◆ Given information:
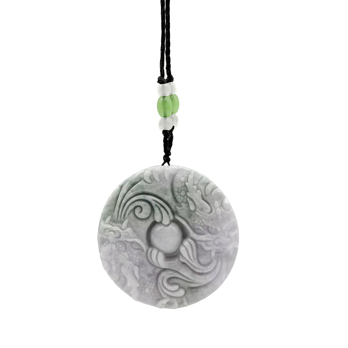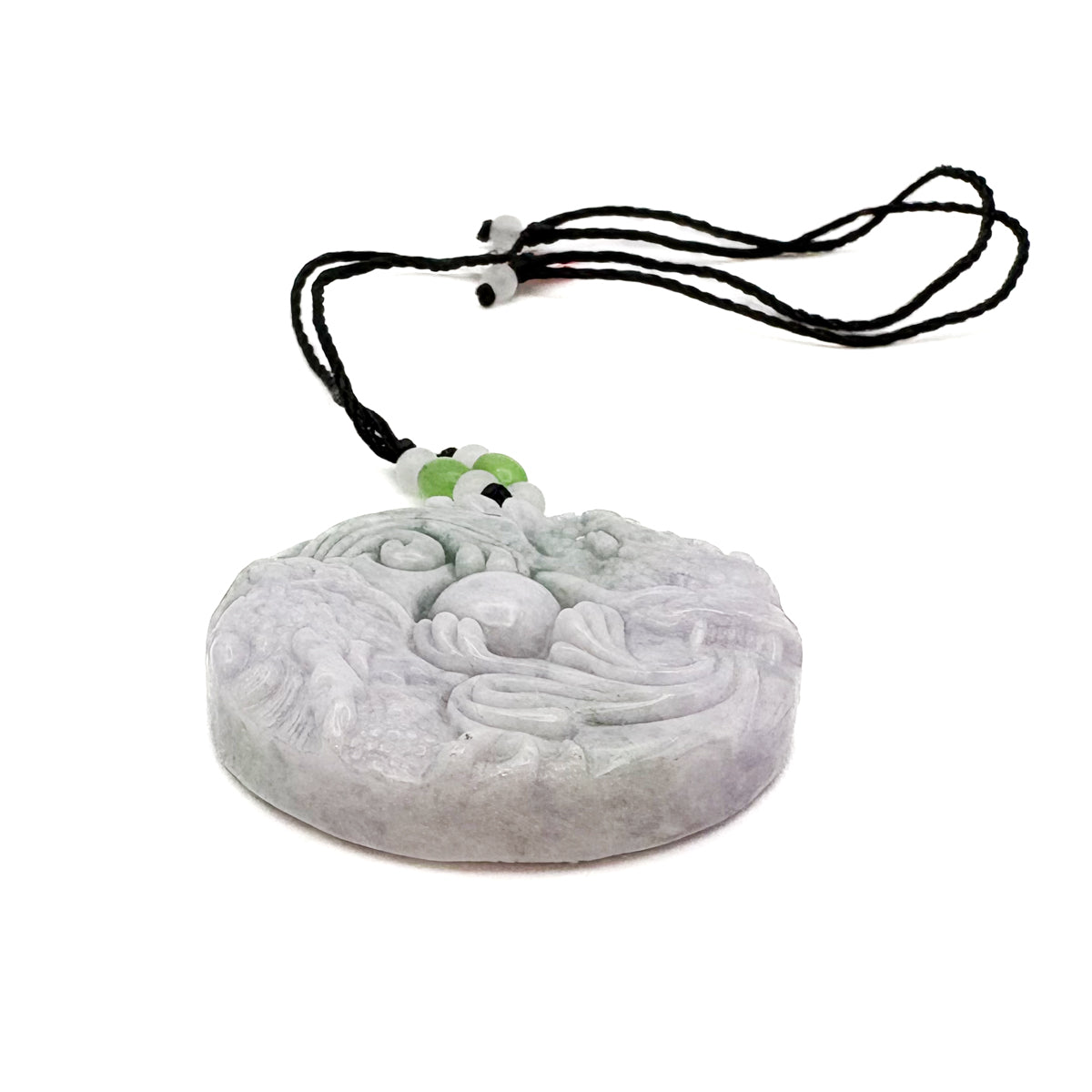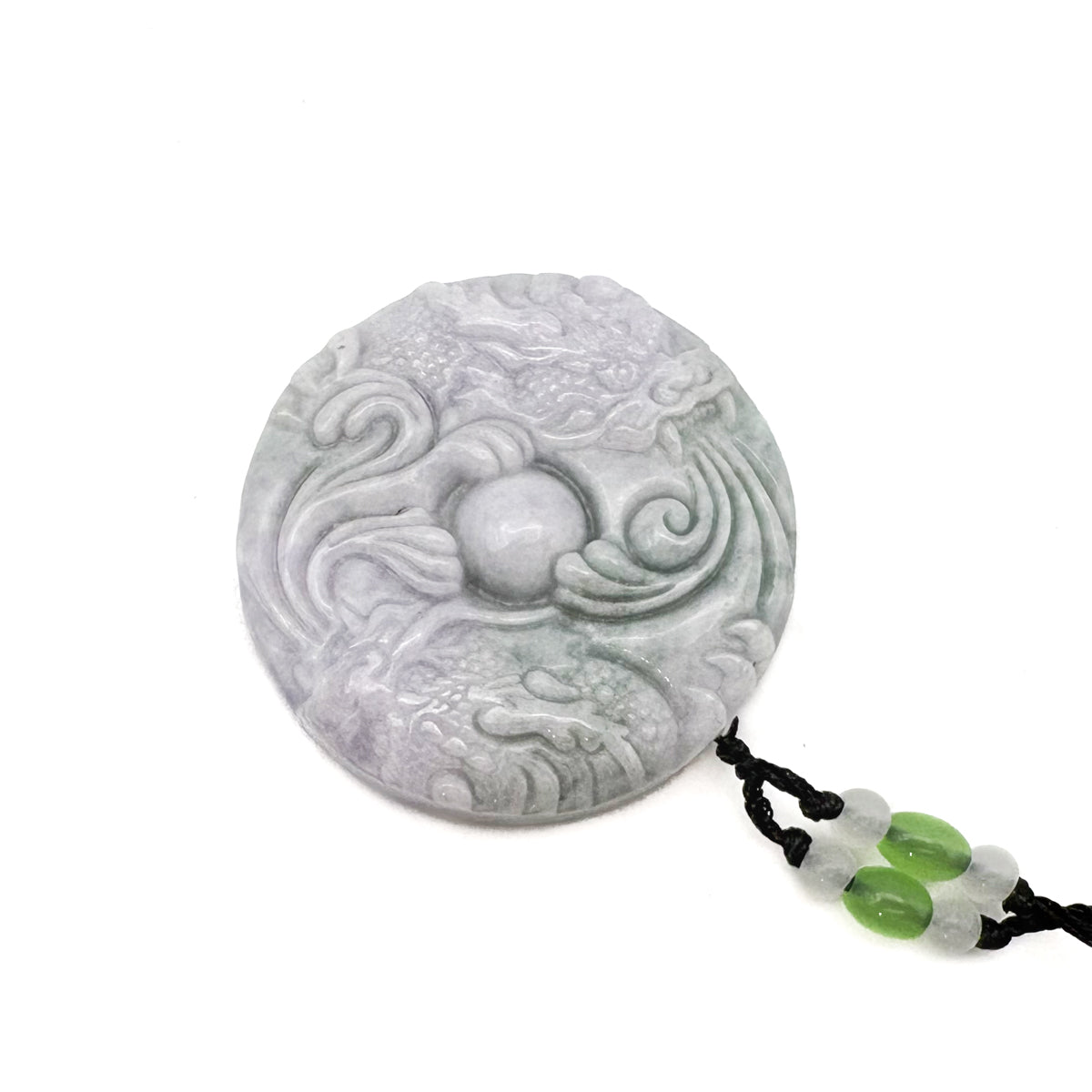 Certified Lavender Green Natural A Jade Jadeite Carved 2 Dragons Bead Pendant
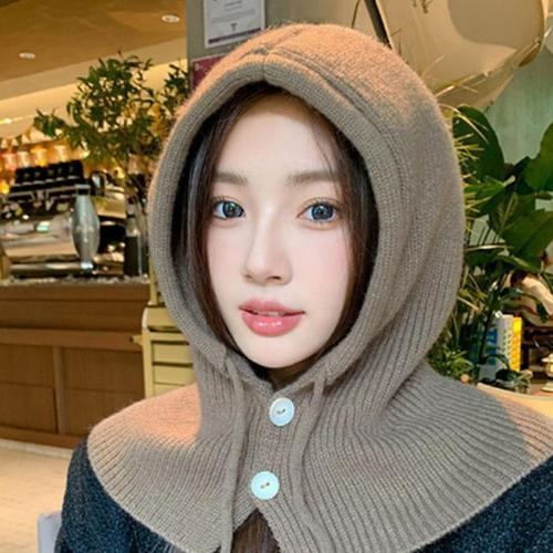 후드 바라클라바 겨울 여자 모자 넥워머 DD 12992 후드 단추 니트바라클라바 방한넥워머 모자워머
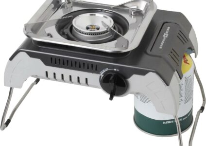 Neuer tragbarer Gaskocher mit klappbaren Standbeinen. Verwendet 450g Gewindekartuschen. Leicht, kompakt und einfach zu transportieren, ideal zum Campen oder Picknicken. Inklusive Kunststoffkoffer für den Transport. Rutschfester Rost aus hitzebeständigem Edelstahl Schwenkbare Einlassöffnung zur einfachen Montage der Gaskartusche Sicherheits-Doppelknopf mit Piezo-Zündvorrichtung Eingebaute multifunktionale Bedienelemente für den sicheren Gebrauch Ventil/Regler zur Aufrechterhaltung einer stabilen Flamme…
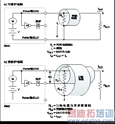 VII 漏流和保护II保护亦可用于减小电缆连接中的漏流。图12所示为驱动保护防止电缆的漏泄电阻影响小电流测量的原理.在无保护的配置中,同轴电缆的漏阻与DUT并联(RDUT),产生不希望的漏流(IL)。该漏流将影响极小电流的测量。在保护电路中,三轴电缆的内芯屏蔽被连接至SMU的保护端子。现在,该屏蔽由一个单位增益低阻放大器(保护)驱动。Force HI端子和保护端子之间的电势差接近0V,所以漏流(IL)可忽略不计。

◆ About this exercise:
Nothing but an exact copy of the data above, minus its pictures, should appear in the response.

◆ Result of this exercise:
 Certified Lavender Green Natural A Jade Jadeite Carved 2 Dragons Bead Pendant
 후드 바라클라바 겨울 여자 모자 넥워머 DD 12992 후드 단추 니트바라클라바 방한넥워머 모자워머
 Neuer tragbarer Gaskocher mit klappbaren Standbeinen. Verwendet 450g Gewindekartuschen. Leicht, kompakt und einfach zu transportieren, ideal zum Campen oder Picknicken. Inklusive Kunststoffkoffer für den Transport. Rutschfester Rost aus hitzebeständigem Edelstahl Schwenkbare Einlassöffnung zur einfachen Montage der Gaskartusche Sicherheits-Doppelknopf mit Piezo-Zündvorrichtung Eingebaute multifunktionale Bedienelemente für den sicheren Gebrauch Ventil/Regler zur Aufrechterhaltung einer stabilen Flamme…
 VII 漏流和保护II保护亦可用于减小电缆连接中的漏流。图12所示为驱动保护防止电缆的漏泄电阻影响小电流测量的原理.在无保护的配置中,同轴电缆的漏阻与DUT并联(RDUT),产生不希望的漏流(IL)。该漏流将影响极小电流的测量。在保护电路中,三轴电缆的内芯屏蔽被连接至SMU的保护端子。现在,该屏蔽由一个单位增益低阻放大器(保护)驱动。Force HI端子和保护端子之间的电势差接近0V,所以漏流(IL)可忽略不计。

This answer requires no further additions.